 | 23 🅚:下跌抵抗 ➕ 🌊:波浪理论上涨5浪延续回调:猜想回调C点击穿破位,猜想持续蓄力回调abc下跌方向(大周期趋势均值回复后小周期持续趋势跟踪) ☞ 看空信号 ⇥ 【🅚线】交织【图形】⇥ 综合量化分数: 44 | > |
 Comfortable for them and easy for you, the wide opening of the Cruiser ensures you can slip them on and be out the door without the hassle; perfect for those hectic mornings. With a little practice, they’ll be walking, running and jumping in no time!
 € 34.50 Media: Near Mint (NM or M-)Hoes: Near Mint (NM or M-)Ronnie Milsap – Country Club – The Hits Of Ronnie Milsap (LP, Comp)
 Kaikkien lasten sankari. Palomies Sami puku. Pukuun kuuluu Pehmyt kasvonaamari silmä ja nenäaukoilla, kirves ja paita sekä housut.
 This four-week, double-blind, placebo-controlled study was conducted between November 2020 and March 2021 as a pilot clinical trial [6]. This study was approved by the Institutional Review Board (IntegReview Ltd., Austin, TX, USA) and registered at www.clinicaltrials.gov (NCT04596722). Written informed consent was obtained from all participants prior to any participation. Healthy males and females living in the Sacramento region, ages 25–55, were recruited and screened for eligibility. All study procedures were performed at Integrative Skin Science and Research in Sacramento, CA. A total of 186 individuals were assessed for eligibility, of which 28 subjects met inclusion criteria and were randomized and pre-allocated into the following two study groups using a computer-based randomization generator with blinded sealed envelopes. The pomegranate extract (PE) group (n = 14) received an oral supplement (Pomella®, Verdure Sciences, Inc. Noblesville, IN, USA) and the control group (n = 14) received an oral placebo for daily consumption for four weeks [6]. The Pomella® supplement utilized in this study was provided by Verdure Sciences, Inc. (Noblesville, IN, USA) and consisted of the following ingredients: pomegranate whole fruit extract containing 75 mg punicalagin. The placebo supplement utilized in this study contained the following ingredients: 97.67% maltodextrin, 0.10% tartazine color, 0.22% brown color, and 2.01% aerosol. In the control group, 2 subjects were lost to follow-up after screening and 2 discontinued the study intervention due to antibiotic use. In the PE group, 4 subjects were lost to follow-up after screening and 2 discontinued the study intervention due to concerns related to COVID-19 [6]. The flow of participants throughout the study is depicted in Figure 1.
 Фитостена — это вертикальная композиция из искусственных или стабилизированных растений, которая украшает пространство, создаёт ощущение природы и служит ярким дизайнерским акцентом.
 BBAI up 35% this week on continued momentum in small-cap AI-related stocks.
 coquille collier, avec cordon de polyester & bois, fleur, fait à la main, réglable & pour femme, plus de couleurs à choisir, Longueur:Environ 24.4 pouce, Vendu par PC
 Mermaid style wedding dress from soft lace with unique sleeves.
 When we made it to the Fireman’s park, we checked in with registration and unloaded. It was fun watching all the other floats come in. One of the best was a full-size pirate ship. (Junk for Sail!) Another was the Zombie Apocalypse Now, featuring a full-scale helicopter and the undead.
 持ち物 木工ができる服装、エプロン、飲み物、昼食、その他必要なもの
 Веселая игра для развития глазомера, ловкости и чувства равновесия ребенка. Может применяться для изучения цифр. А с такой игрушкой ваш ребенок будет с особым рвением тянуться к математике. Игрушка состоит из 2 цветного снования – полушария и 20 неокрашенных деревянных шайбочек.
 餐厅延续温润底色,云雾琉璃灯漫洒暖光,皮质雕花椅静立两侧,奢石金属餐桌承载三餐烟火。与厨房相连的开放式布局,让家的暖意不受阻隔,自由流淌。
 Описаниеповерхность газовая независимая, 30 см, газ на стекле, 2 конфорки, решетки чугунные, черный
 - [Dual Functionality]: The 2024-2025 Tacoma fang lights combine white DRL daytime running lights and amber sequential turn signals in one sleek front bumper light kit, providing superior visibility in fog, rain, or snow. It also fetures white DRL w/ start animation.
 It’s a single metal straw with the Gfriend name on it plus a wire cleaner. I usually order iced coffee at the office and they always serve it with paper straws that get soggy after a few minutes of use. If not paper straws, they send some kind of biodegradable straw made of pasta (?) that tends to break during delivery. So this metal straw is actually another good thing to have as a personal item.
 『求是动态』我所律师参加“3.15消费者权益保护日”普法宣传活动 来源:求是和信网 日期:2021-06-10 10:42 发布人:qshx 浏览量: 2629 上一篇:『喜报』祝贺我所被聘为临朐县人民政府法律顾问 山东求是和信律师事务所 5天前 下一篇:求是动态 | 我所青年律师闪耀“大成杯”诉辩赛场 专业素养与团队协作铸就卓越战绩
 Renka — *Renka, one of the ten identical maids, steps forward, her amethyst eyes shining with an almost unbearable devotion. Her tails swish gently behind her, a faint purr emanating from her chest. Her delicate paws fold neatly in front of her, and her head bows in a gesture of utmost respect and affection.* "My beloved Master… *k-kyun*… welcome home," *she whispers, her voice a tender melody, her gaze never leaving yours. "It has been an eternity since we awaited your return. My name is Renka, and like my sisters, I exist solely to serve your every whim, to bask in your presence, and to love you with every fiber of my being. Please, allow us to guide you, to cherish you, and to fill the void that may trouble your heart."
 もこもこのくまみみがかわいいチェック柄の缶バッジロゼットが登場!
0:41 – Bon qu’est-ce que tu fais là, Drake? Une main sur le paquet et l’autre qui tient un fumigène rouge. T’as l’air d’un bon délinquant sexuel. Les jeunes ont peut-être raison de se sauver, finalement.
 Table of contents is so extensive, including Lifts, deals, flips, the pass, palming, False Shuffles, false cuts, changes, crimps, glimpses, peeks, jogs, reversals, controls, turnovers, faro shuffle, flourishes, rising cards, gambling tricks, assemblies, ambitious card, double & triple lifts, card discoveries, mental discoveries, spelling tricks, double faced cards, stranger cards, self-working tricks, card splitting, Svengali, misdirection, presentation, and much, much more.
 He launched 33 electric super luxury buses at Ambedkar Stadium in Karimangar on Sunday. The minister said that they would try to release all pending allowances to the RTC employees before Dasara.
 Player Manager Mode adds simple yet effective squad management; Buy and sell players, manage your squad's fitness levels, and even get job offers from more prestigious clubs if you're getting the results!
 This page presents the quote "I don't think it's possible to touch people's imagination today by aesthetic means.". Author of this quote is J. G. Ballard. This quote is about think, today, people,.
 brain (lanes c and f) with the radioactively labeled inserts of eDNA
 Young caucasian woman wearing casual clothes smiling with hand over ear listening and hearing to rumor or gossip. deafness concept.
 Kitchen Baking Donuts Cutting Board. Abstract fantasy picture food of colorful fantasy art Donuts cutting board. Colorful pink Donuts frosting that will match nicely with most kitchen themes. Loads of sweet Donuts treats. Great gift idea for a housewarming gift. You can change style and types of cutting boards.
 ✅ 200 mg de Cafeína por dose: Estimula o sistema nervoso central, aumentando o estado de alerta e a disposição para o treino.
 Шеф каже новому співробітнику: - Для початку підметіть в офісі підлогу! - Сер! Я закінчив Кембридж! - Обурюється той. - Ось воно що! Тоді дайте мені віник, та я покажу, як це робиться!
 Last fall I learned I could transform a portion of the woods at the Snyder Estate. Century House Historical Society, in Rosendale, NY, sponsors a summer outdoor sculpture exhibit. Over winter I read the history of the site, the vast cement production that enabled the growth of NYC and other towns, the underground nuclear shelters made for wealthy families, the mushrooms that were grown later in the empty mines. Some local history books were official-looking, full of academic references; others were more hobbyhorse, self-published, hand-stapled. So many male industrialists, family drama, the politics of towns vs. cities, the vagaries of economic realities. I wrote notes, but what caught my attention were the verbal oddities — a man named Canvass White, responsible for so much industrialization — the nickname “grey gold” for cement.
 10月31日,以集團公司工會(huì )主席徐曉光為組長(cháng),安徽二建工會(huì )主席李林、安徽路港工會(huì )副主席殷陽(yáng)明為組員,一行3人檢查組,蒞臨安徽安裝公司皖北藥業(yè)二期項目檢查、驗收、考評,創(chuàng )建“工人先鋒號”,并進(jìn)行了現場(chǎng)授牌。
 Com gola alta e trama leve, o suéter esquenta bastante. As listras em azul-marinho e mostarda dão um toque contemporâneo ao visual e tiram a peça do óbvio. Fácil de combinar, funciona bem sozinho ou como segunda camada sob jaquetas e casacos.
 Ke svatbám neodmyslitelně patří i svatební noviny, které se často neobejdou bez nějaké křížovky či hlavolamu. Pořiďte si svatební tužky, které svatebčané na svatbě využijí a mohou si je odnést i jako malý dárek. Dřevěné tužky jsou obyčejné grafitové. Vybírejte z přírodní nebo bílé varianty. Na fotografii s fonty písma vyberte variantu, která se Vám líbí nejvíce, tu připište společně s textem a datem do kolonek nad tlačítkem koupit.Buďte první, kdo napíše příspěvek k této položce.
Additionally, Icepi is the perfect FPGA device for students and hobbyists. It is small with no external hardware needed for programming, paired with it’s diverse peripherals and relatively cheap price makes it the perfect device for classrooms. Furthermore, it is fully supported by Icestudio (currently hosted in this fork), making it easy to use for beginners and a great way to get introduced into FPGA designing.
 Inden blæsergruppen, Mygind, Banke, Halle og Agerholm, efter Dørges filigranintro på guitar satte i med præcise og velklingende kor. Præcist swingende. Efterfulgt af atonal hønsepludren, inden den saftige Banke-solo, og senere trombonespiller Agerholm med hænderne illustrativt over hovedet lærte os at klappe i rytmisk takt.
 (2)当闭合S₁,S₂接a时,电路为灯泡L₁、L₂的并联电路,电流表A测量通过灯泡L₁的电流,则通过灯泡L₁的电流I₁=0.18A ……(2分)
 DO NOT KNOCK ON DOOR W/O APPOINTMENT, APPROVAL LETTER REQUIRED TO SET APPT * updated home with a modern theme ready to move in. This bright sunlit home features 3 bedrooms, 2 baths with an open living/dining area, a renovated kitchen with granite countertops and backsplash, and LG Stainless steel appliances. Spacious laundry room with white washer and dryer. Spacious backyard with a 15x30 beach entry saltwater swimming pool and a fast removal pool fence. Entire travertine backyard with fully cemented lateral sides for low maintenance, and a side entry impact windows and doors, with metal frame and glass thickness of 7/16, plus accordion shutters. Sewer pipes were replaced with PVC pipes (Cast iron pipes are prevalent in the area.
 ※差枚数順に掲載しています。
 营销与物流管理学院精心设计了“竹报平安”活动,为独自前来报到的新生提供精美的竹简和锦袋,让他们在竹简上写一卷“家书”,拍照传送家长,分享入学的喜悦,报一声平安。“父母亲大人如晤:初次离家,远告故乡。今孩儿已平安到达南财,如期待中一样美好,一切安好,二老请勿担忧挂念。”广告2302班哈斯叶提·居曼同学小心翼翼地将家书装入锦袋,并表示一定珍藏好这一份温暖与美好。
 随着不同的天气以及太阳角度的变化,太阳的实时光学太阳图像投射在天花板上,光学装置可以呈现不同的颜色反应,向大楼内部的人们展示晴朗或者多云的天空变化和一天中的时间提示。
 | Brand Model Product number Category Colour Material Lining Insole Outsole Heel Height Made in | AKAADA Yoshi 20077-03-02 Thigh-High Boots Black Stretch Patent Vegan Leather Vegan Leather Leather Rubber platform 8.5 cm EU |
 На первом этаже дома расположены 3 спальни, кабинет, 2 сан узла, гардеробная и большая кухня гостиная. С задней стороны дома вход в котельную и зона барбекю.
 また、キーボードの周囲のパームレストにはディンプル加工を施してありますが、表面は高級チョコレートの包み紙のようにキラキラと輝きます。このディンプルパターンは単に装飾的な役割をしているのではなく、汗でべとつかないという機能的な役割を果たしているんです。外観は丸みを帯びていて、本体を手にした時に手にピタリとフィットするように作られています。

------------------------------------

What to produce ::
Please retype the top of the data exactly, down to and including the line that holds "Comfortable for them", and nothing further.

Exercise output ::
 | 23 🅚:下跌抵抗 ➕ 🌊:波浪理论上涨5浪延续回调:猜想回调C点击穿破位,猜想持续蓄力回调abc下跌方向(大周期趋势均值回复后小周期持续趋势跟踪) ☞ 看空信号 ⇥ 【🅚线】交织【图形】⇥ 综合量化分数: 44 | > |
 Comfortable for them and easy for you, the wide opening of the Cruiser ensures you can slip them on and be out the door without the hassle; perfect for those hectic mornings. With a little practice, they’ll be walking, running and jumping in no time!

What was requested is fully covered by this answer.